** Exercise material follows **
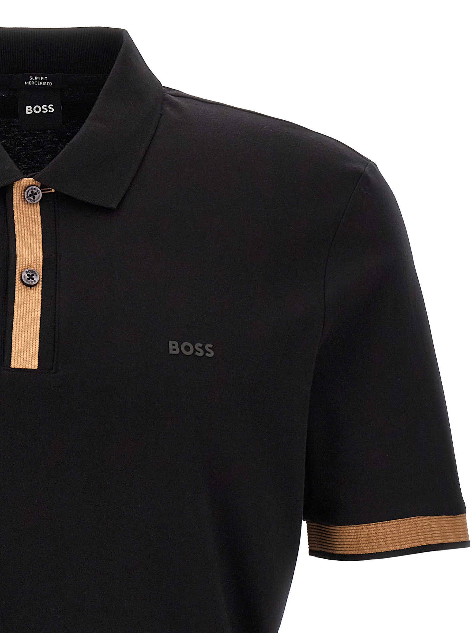 Mercerized cotton H-Phillipson polo shirt, classic collar, two-button closure, embossed logo print, side splits, and short sleeves.
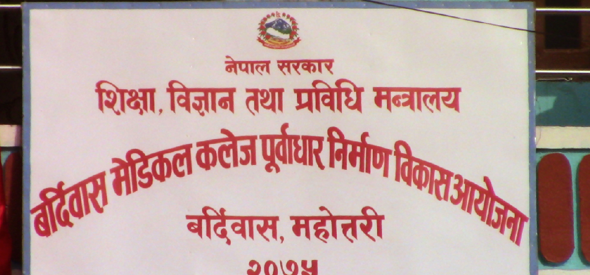 महोत्तरी- मधेसको बर्दिवासमा मेडिकल कलेज बन्ने करिब एक दशकको सपना साकार हुने आस जागेको छ । आर्थिक वर्ष २०७४/७५ मा सङ्घीय सरकारको बजेटमा सम्बोधन गरिएपछि सँगालिएको बर्दिबास मेडिकल कलेज निर्माणको सपना करिब एक दशकपछि आसलाग्दो गरी गति लिएपछि नगरक्षेत्रमा उत्साह बढेको हो ।
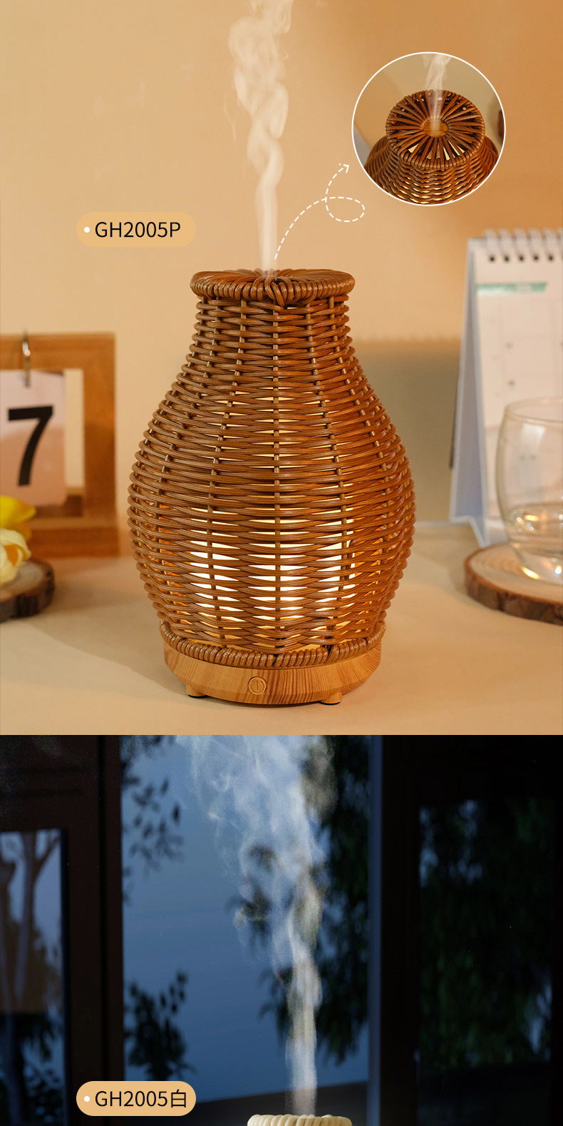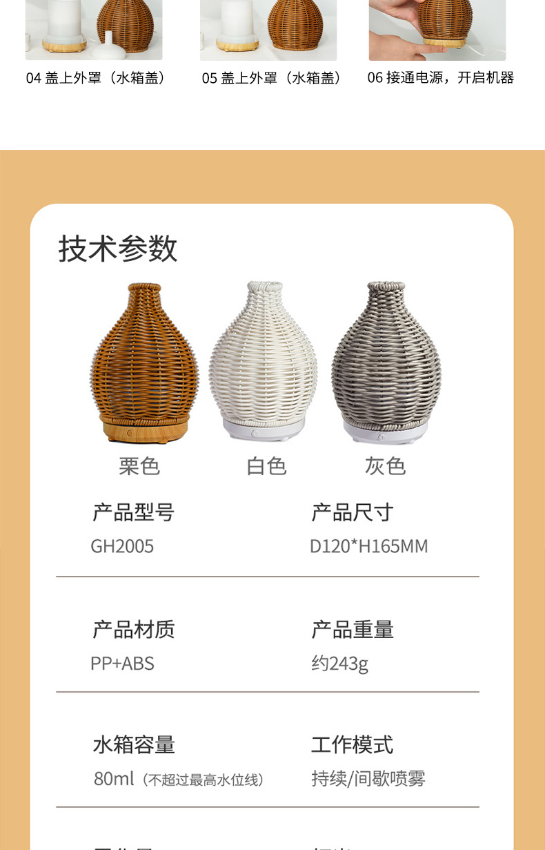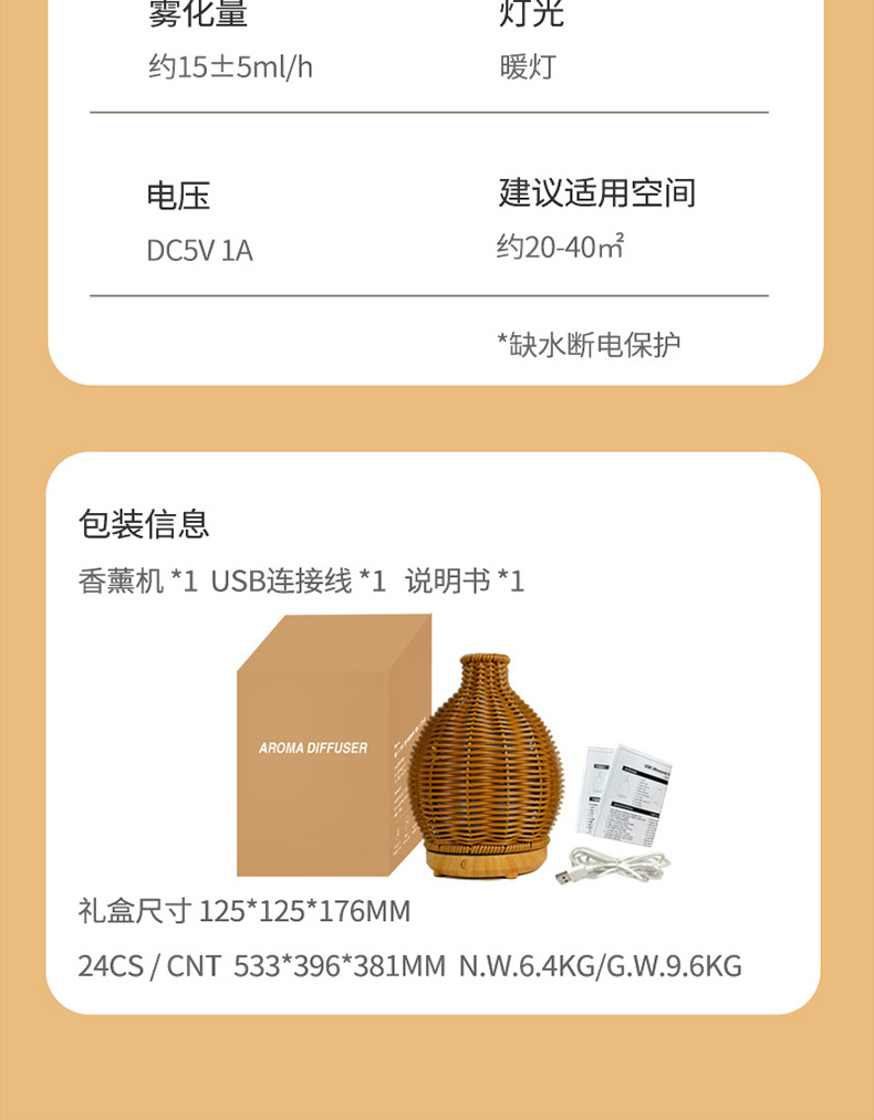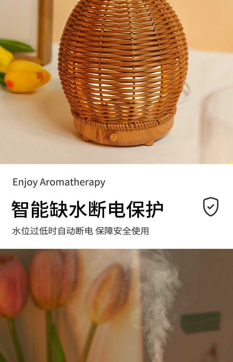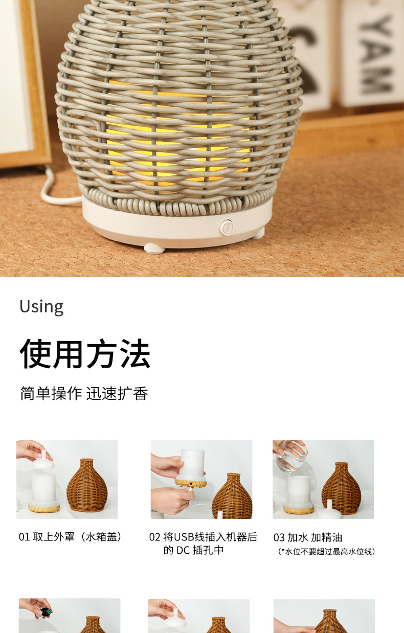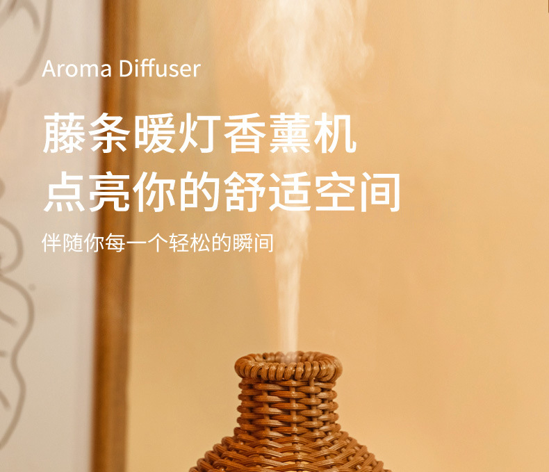 Nueva transfronteriza USB ratán hogar aromaterapia humidificador oficina escritorio grano de madera ultrasónico aceite esencial máquina de aromaterapia
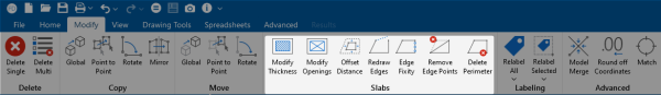 There are several options available for modifying your overall slab geometry in the Slabs section of the Modify Ribbon.
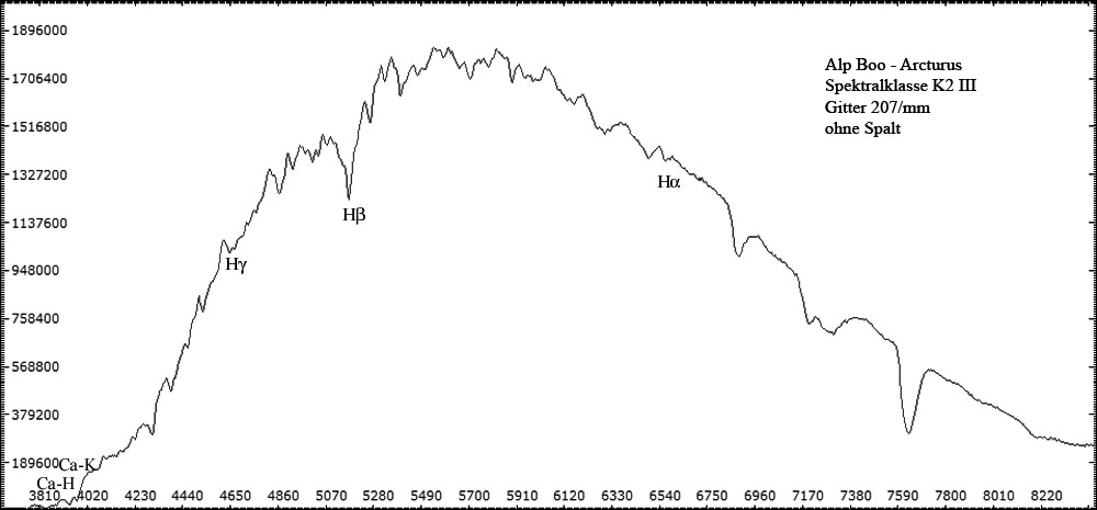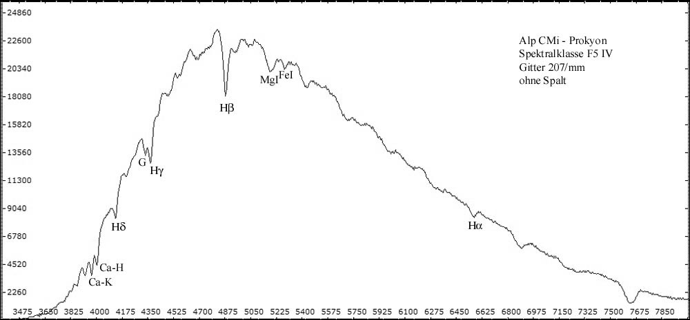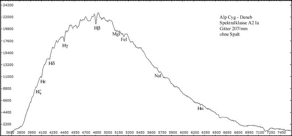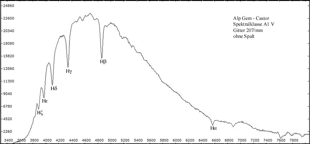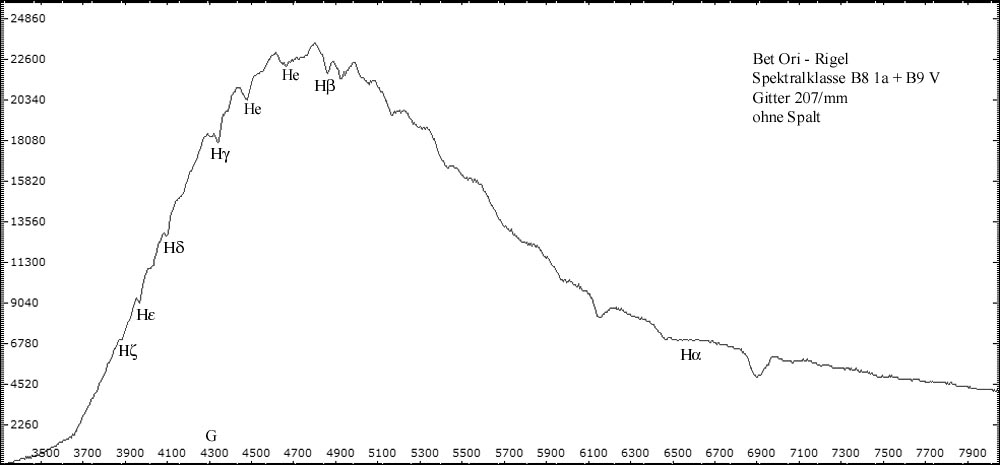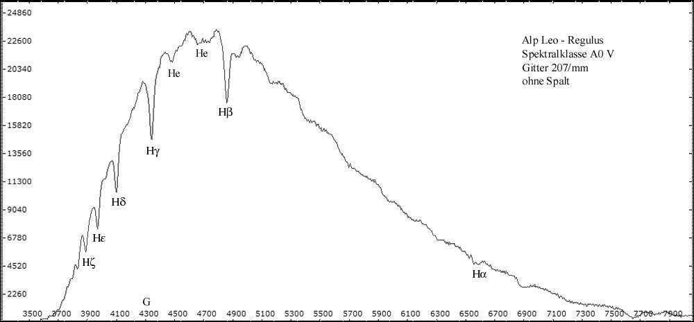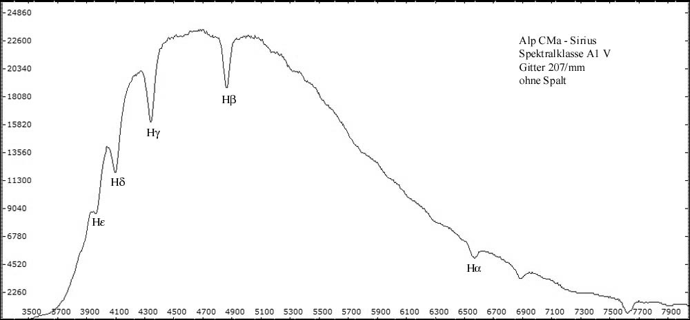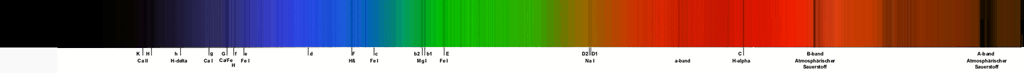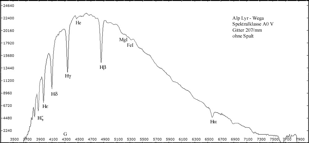 Alle spaltlosen Spektren wurden mit 32cm Newton (f = 1520 mm ) - abgeblendet auf 10cm - im Primärfokus aufgenommen. Resultierendes Öffnungsverhältnis: f/15. Eingesetzt wurde das 1,25" Baader Blaze-Gitter mit 207 Linien/mm. Die Spaltspektren wurden mit dem Experimentalspektrographen (Details hier) aufgenommen. Spektrogramme sind kalibriert, aber nicht normiert. Die Intensität der verschiedenen Spektralbereiche ersutliert maßgeblich aus der spezifischen Empfindlichkeit der Kamerasensoren für die jeweilen Wellenlängen. CCD-Chips sind besonders im visuellen Bereich und nahen Infrarot empfindlich. Im nahen UV-Bereich fällt die Empfindlichkeit sehr schnell ab -> Spektrale Empfindlichkeit der verwendeten DMK Kameras.
** End of Exercise material **
▶ [Exercise] Which lines run from the one containing "Nueva transfronteriza USB" through the last line of the entries above? Output them exactly, both ends included, with no pictures.

▶ [Output of the task]
 Nueva transfronteriza USB ratán hogar aromaterapia humidificador oficina escritorio grano de madera ultrasónico aceite esencial máquina de aromaterapia
 There are several options available for modifying your overall slab geometry in the Slabs section of the Modify Ribbon.
 Alle spaltlosen Spektren wurden mit 32cm Newton (f = 1520 mm ) - abgeblendet auf 10cm - im Primärfokus aufgenommen. Resultierendes Öffnungsverhältnis: f/15. Eingesetzt wurde das 1,25" Baader Blaze-Gitter mit 207 Linien/mm. Die Spaltspektren wurden mit dem Experimentalspektrographen (Details hier) aufgenommen. Spektrogramme sind kalibriert, aber nicht normiert. Die Intensität der verschiedenen Spektralbereiche ersutliert maßgeblich aus der spezifischen Empfindlichkeit der Kamerasensoren für die jeweilen Wellenlängen. CCD-Chips sind besonders im visuellen Bereich und nahen Infrarot empfindlich. Im nahen UV-Bereich fällt die Empfindlichkeit sehr schnell ab -> Spektrale Empfindlichkeit der verwendeten DMK Kameras.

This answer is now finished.